The website’s registration remains private and its purveyors are shy with the press, e-mailing an Associated Press reporter for an article on Palfrey last week.
Many have plugged individuals’ phone numbers into the database in attempts to determine who utilized Palfrey’s services.
Some big fish have come under fire following their outing as possible clients, such as Sen. David Vitter (R-La.) and a former Bush administration official, Randall Tobias.
The proprietor of a Washington, D.C. escort service, Palfrey has been charged by federal authorities with running a prostitution ring. She has maintained her innocence and released her phone records to find witnesses for her potential trial.
All in their mid-20s, the “D.C. Phone Listers” — as they identified themselves in their first e-mail to The Hill — are computer programmers and IT specialists who live and work in the Boston area. All have informed their employers of their work for the website.
Fast friends since 2001, the Brandeis University alumni studied computer science, political science and philosophy and worked on the college newspaper.
The website’s e-mail address includes the name “Dembitz” — the middle name of former Supreme Court Justice Louis Brandeis — in a nod to the group’s alma mater, which was named for the judge.

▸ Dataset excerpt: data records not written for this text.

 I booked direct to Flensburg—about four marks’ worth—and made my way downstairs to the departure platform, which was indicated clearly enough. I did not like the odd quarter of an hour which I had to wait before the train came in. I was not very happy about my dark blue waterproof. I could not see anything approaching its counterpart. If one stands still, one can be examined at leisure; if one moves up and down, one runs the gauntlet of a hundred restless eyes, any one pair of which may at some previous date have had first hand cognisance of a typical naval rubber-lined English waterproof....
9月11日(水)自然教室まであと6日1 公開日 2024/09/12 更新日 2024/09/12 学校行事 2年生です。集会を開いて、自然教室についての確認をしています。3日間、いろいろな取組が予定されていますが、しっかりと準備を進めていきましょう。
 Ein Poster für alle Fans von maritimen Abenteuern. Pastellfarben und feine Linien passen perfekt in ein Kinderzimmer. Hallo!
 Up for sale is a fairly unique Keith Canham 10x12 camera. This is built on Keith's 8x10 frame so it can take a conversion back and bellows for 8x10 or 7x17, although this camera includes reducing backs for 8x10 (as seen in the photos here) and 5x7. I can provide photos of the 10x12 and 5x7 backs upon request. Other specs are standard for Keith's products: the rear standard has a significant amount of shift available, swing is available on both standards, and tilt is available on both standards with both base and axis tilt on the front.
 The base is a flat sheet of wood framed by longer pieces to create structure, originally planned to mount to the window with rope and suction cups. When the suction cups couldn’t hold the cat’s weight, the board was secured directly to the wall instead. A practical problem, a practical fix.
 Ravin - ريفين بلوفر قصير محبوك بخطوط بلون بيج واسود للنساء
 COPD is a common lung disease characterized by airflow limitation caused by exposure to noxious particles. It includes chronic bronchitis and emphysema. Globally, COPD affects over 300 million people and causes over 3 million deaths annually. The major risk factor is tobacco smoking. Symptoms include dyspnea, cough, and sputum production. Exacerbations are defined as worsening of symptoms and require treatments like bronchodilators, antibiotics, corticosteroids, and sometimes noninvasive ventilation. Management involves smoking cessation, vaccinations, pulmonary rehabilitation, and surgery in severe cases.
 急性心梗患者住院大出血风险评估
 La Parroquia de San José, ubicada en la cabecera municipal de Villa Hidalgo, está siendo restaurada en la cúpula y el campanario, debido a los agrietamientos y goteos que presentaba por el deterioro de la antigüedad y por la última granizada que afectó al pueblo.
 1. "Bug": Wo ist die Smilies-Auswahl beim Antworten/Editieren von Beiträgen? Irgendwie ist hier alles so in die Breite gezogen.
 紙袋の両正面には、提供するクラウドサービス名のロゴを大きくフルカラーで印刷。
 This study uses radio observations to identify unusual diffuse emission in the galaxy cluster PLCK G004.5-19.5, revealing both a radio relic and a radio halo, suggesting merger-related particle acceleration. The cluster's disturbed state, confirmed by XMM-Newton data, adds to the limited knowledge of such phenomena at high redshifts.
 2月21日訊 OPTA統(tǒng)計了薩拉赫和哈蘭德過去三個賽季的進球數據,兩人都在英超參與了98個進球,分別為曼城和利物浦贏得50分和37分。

The four aim to empower local reporters and citizen journalists, who may not have the resources of national media organizations, by posting the searchable database online.
“What this does is let someone in Kansas who has the right phone numbers search the data and see for himself,” Yoni said.
Feedback so far has been “all positive,” according to the group, with a few corrections made and several individuals saying their phone numbers were misdials.
Palfrey is a fan of the group’s work. “God bless them,” said Palfrey, who called the website’s founders “the Brandeis Boys” during an interview.
“I think what they are doing is a great, patriotic service to this country,” Palfrey said. “These fellows are democracy in action.”
Palfrey’s lawyer, Montgomery Blair Sibley, said that since Palfrey’s assets have been seized, she could not post a similar database.
“We got quotes from five or six people that said [it] would cost between $15,000 and $30,000 to do this very thing they have done now,” Sibley said. The attorney said the website has helped find about a dozen witnesses.
Not hired by Palfrey, the website team has had little contact with her or her attorney beyond a few e-mails and linking to one another’s websites. Kevin and others have asked Sibley to rescan some of the phone records so they can be used for the website.
The project’s only monetary expenditure so far was buying the domain for $10. The group said it has neither earned nor lost any money. “We joke about selling T-shirts,” Igor said.
“It would be throwing another layer of complication on it by putting ads up,” Kevin said, adding that that “might raise questions about our integrity.”
But the site has cost everyone involved plenty of time, about 100 man-hours between the four. On Monday, July 9, when Palfrey’s phone records were released, the group stayed up until 5 in the morning to complete the site.
After downloading the phone records, Igor used software to turn scanned images into text files, a process known as “optical character recognition,” or OCR. Kevin then took the lead on writing the computer program to parse the phone numbers from the data, while Danny designed the website.
So far, there have been more than 100,000 visits to the site and close to 50,000 searches, according to the team.
Yet the data is not perfect. OCR cannot catch everything, they said, and many of the scanned images could not be translated into useable text files. Plus, “even if the data is accurate, it is a list of numbers, not a list of clients,” Kevin said — hence a prominent disclaimer on the site.
More records are planned for release next week, according to Palfrey. Of the estimated 75,000 outgoing calls, no calls from 1997 have been made public.
“I understand there are more to come,” said Palfrey, talking about potentially other big names in her phone records. “I think the real meat is the lobbyists here because they’re all connected to a member of Congress.”
– By Kevin Bogardus
Thursday, July 19, 2007
Potentially Risky Trickle
Of Bad Nuclear News
July 19, 2007 7:05 a.m.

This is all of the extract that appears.